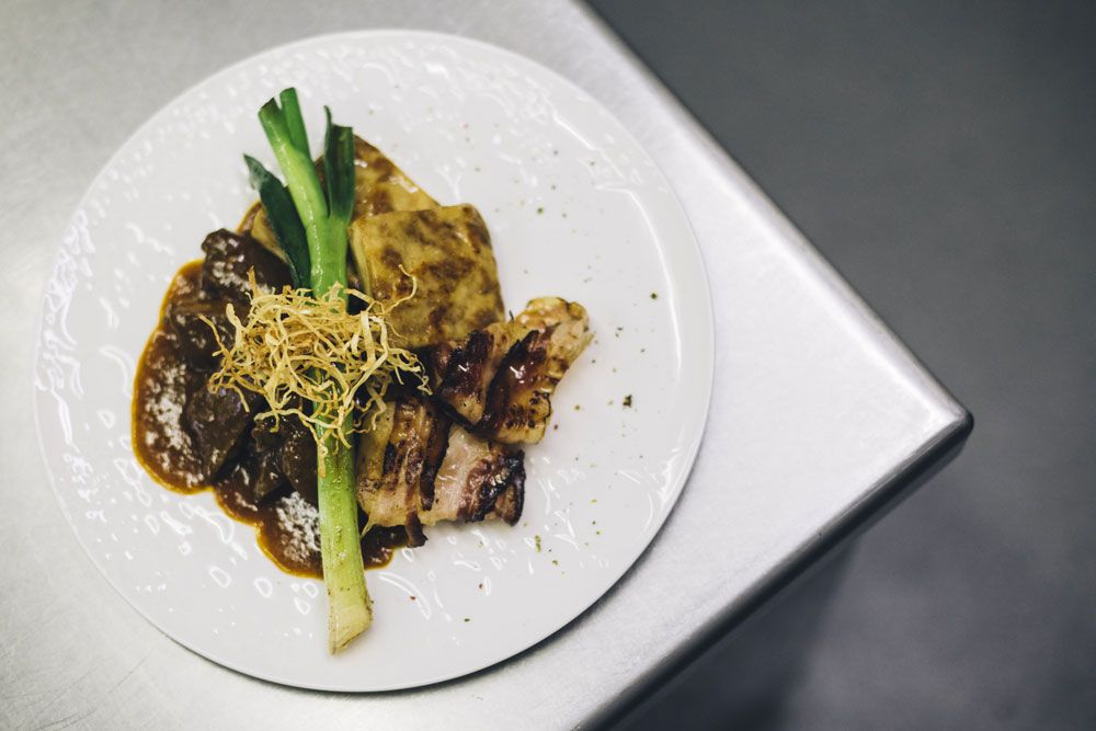 Das Weinfass ist gut platziert – direkt vor der Vinothek. Die recht tief hängende Gewölbedecke prägt den Eingangsbereich. Rustikal, aber sehr gemütlich. Im Gasthaus Riedl-Schöner wird besonderes Augenmerk auf die heimische Weinkultur gelegt. Wirt und Sommelier Dietmar Schöner verwöhnt die Gäste mit mehr als 100 verschiedenen Positionen. Die Küche führt seine Gattin Ingrid. Ein eingespieltes Team, das bereits in vierter Generation die Werte des charmanten Gasthauses nach außen trägt. Neben dem vinophilen Genuss ist es die regionsbezogene Hausmannskost, für die das Wirtshaus bekannt ist. Das gebratene Waldviertler Saiblingsfilet auf bunten Bandnudeln mit Sellerie-Karotten-Julienne mundet. Spezialitätenwochen bringen Bewegung in die Speisekarte. Die hausgemachte Malakoff-Torte punktet mit Individualität. Wahrlich ein Geschmackserlebnis.
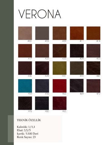 VERONA 400 403 409 411 414 417 422 425 428 433 436 439 441 444 447 450 456 463 469 472 476 480 465 TEKNİK ÖZELLİK Kalınlık: 1/1,1 Ebat: 3,5/5 Içerik: %100 Deri Renk Sayısı: 23
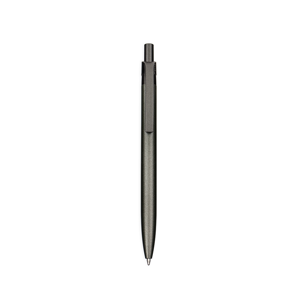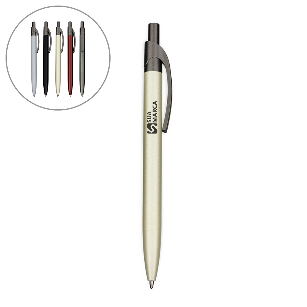 Caneta metálica com acionamento por clique e clip em plástico. Possui carga esferográfica azul de 1,0mm.
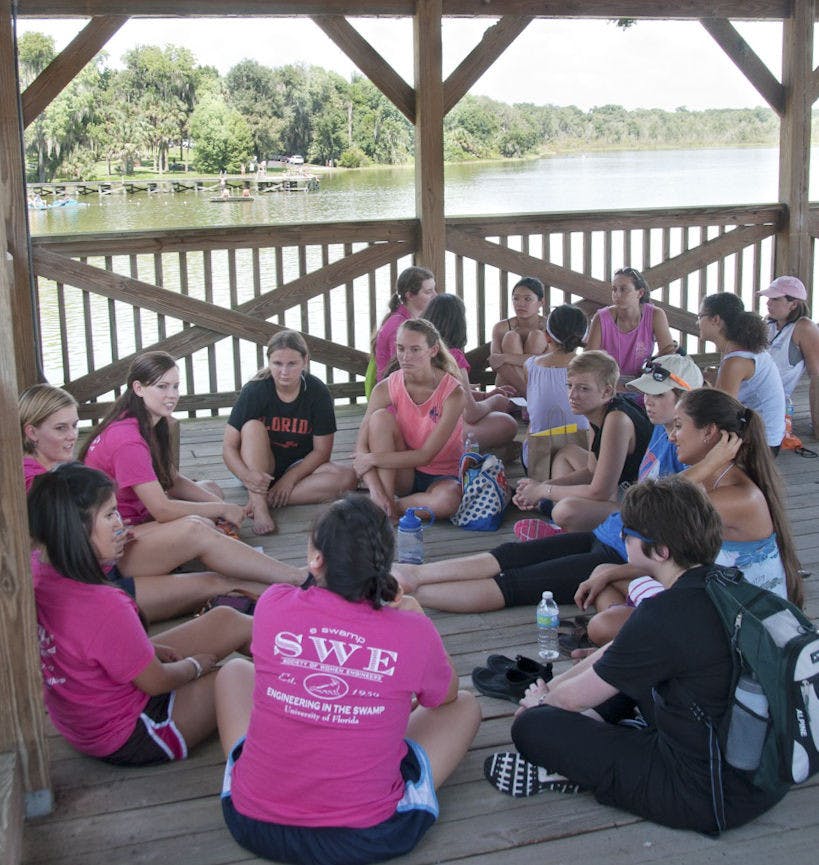 About 150 incoming female engineering students made a trip to Lake Wauburg for UF’s Society of Women Engineers eSwamp Day.
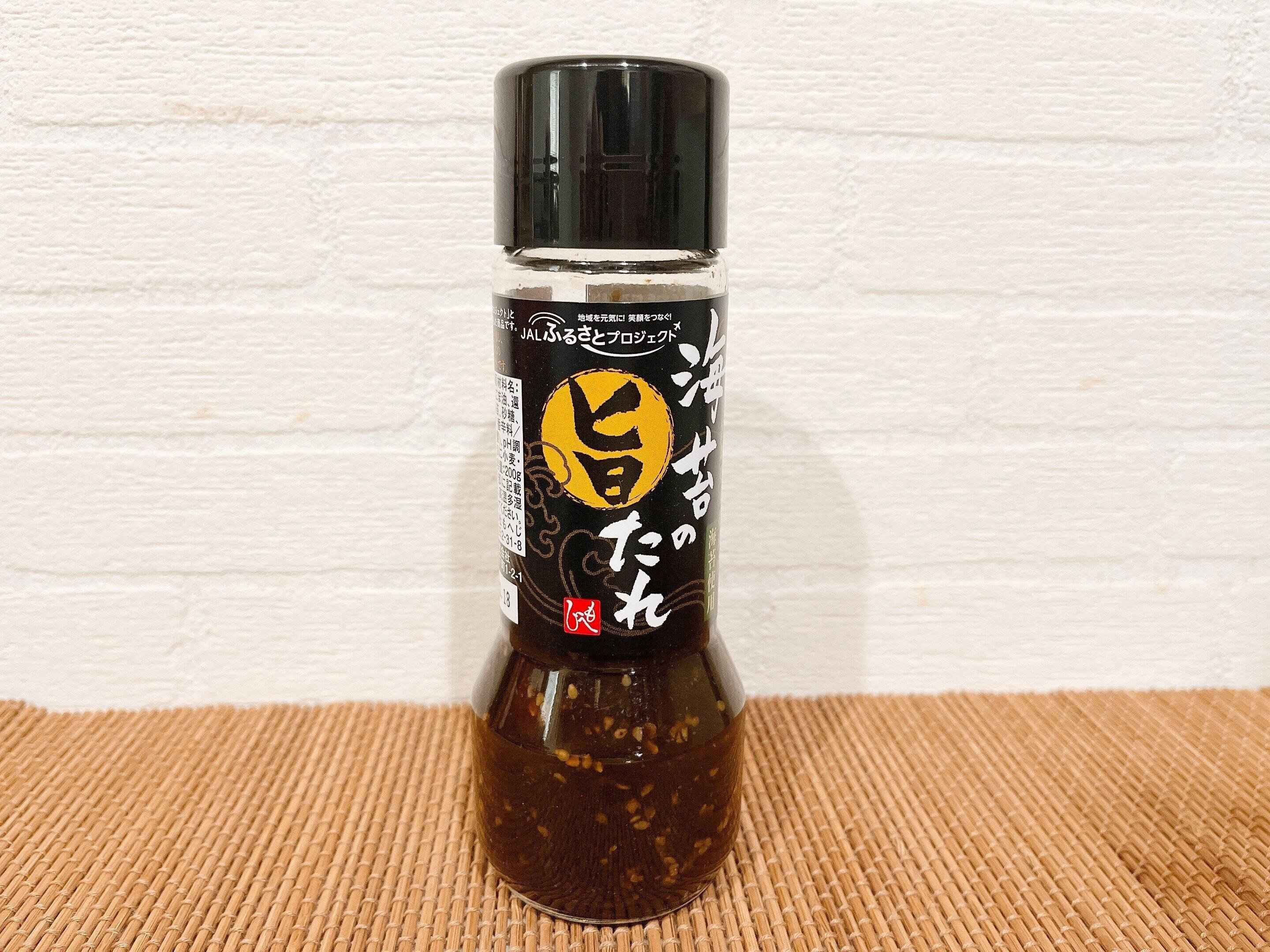 宮城県東松島産の海苔を使用した、しょうゆベースの万能たれで香り高い海苔の風味とにんにくの旨味が食欲をそそり、サラダだけでなく和風パスタなどの味付けにもピッタリなんだそうです!

------------------------------------------------------------------------

Exercise description
Exactly as written, copy the entries above without their pictures.

Completed task
 Das Weinfass ist gut platziert – direkt vor der Vinothek. Die recht tief hängende Gewölbedecke prägt den Eingangsbereich. Rustikal, aber sehr gemütlich. Im Gasthaus Riedl-Schöner wird besonderes Augenmerk auf die heimische Weinkultur gelegt. Wirt und Sommelier Dietmar Schöner verwöhnt die Gäste mit mehr als 100 verschiedenen Positionen. Die Küche führt seine Gattin Ingrid. Ein eingespieltes Team, das bereits in vierter Generation die Werte des charmanten Gasthauses nach außen trägt. Neben dem vinophilen Genuss ist es die regionsbezogene Hausmannskost, für die das Wirtshaus bekannt ist. Das gebratene Waldviertler Saiblingsfilet auf bunten Bandnudeln mit Sellerie-Karotten-Julienne mundet. Spezialitätenwochen bringen Bewegung in die Speisekarte. Die hausgemachte Malakoff-Torte punktet mit Individualität. Wahrlich ein Geschmackserlebnis.
 VERONA 400 403 409 411 414 417 422 425 428 433 436 439 441 444 447 450 456 463 469 472 476 480 465 TEKNİK ÖZELLİK Kalınlık: 1/1,1 Ebat: 3,5/5 Içerik: %100 Deri Renk Sayısı: 23
 Caneta metálica com acionamento por clique e clip em plástico. Possui carga esferográfica azul de 1,0mm.
 About 150 incoming female engineering students made a trip to Lake Wauburg for UF’s Society of Women Engineers eSwamp Day.
 宮城県東松島産の海苔を使用した、しょうゆベースの万能たれで香り高い海苔の風味とにんにくの旨味が食欲をそそり、サラダだけでなく和風パスタなどの味付けにもピッタリなんだそうです!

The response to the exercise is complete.